Route Groups¶

Route Groups let you place multiple deployments behind one stable runtime target.

Use a route group when one public model name should:

balance across several deployments
fail over in a controlled way
carry its own routing policy
bind to a prompt at the group level

Route Groups List

Route Group Detail

Quick Success Workflow¶

Create the route group shell
Add one or more member deployments
Keep the default routing behavior at first
Mark the group live
Use the generated call example to test traffic

For most teams, this is the right first path. You do not need an advanced policy on day one.

What the Group Owns¶

A route group defines:

a stable group key
the workload type, such as chat or embeddings
which deployments are members
whether the group is live
optional prompt binding
optional routing policy history and overrides

Route groups are also callable targets. Their runtime visibility is governed through the same callable-target bindings and scope policies used for public model names.

What the List Page Shows¶

group key and display name
workload type
whether the group is live
member count
current routing state

What the Detail Page Lets You Do¶

edit the basic group metadata
add and remove member deployments
see the current usage example for calling the group
bind a prompt
inspect and publish routing policy changes

When You Need an Advanced Policy¶

Start with the default behavior unless you need one of these:

ordered failover
weighted traffic splits
a specific routing strategy
a draft, publish, rollback, or simulation workflow for routing changes

Routing Policy Basics¶

A route-group policy should stay small and explicit.

In practice, that means:

choose one routing strategy
optionally override member enabled, weight, or priority
optionally override the group timeout
optionally override retry behavior

The supported policy fields today are:

mode
strategy
members
timeouts.global_ms or timeouts.global_seconds
retry.max_attempts
retry.retryable_error_classes

Policy Modes¶

The UI can present policy modes as shortcuts:

weighted: use weighted traffic splitting
fallback: use ordered primary and standby behavior

How they behave:

weighted maps to the weighted strategy if you do not set a strategy explicitly
fallback maps to priority-based-routing if you do not set a strategy explicitly

Do not plan around these as live runtime modes yet:

conditional
adaptive

Those are not active route-policy behaviors in the runtime today.

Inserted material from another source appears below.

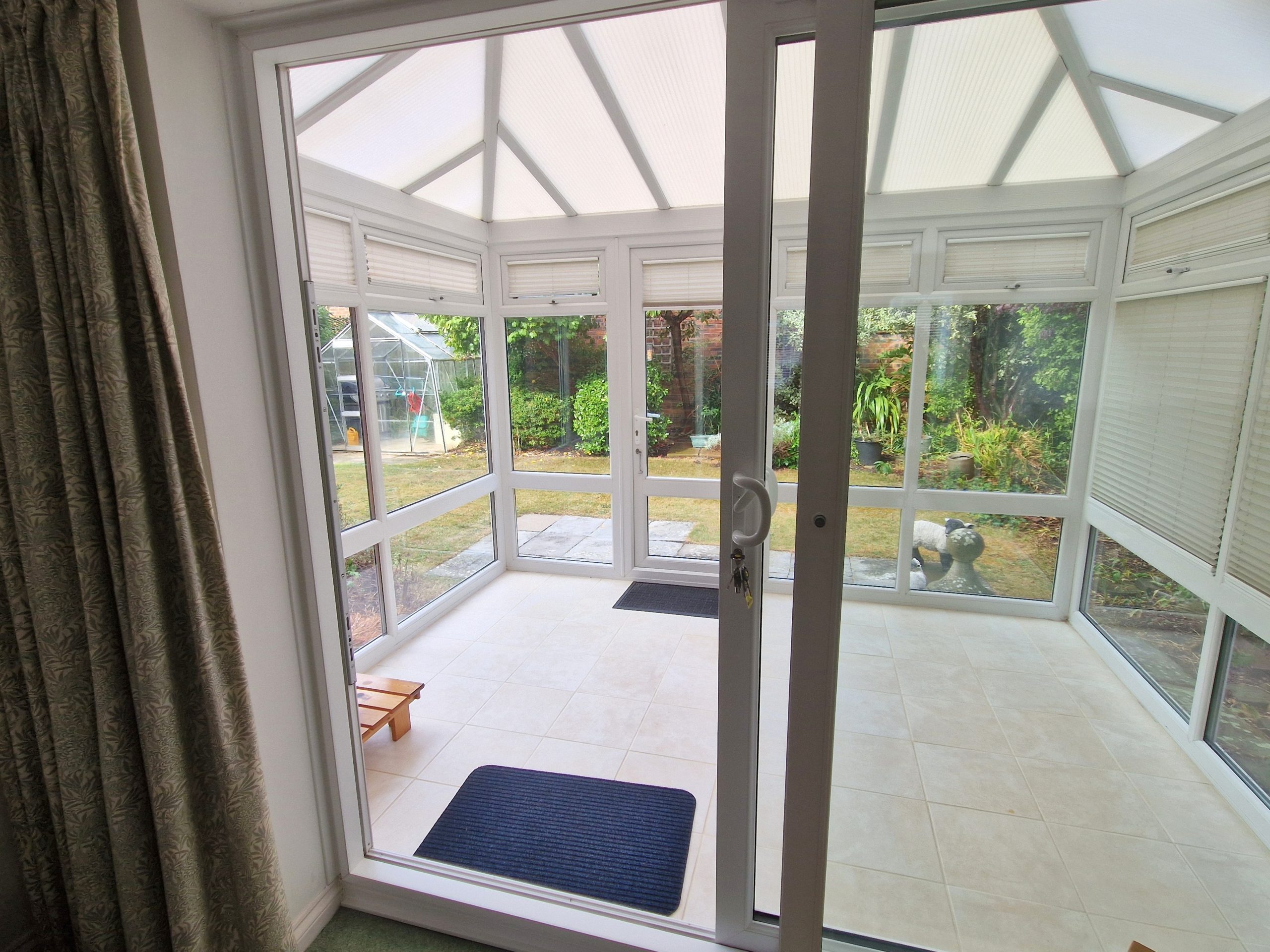 10’10 (3.1m) x 7’11 (2.2m), UPVC double glazed, polycarbonate style roof, tiled under floor heating and door to rear garden.
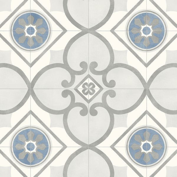 This gorgeous tile style vinyl has a rich design with a white background and grey and blue icons that looks stunning with a wide range of room styles and colours. With a 16.6cm x 16.6cm tile pattern and matt finish, this vinyl has a beautiful realistic appearance that is complemented by a comfy R11 slip resistance rating and an easy to clean surface.

Which Policy Should I Use?¶

Choose by goal:

use simple-shuffle when the deployments are roughly equal
use weighted when you want a controlled traffic split
use priority-based-routing or fallback when one deployment should be primary
use least-busy when you are smoothing burst traffic
use latency-based-routing when end-user latency matters most
use cost-based-routing when cost matters most
use rate-limit-aware when provider limits are the problem

For most teams, one of these three is enough:

simple-shuffle
weighted
priority-based-routing

Simple Policy Examples¶

Weighted rollout:

{
  "mode": "weighted",
  "members": [
    {"deployment_id": "dep-primary", "weight": 9},
    {"deployment_id": "dep-canary", "weight": 1}
  ]
}

Primary plus standby:

{
  "mode": "fallback",
  "members": [
    {"deployment_id": "dep-primary", "priority": 0},
    {"deployment_id": "dep-standby", "priority": 1}
  ]
}

Latency-sensitive route group:

{
  "strategy": "latency-based-routing",
  "timeouts": {"global_seconds": 45},
  "retry": {"max_attempts": 1}
}

Quota-aware route group:

{
  "strategy": "rate-limit-aware"
}

Member Overrides¶

Member overrides let the group behave differently without editing the underlying deployment definition.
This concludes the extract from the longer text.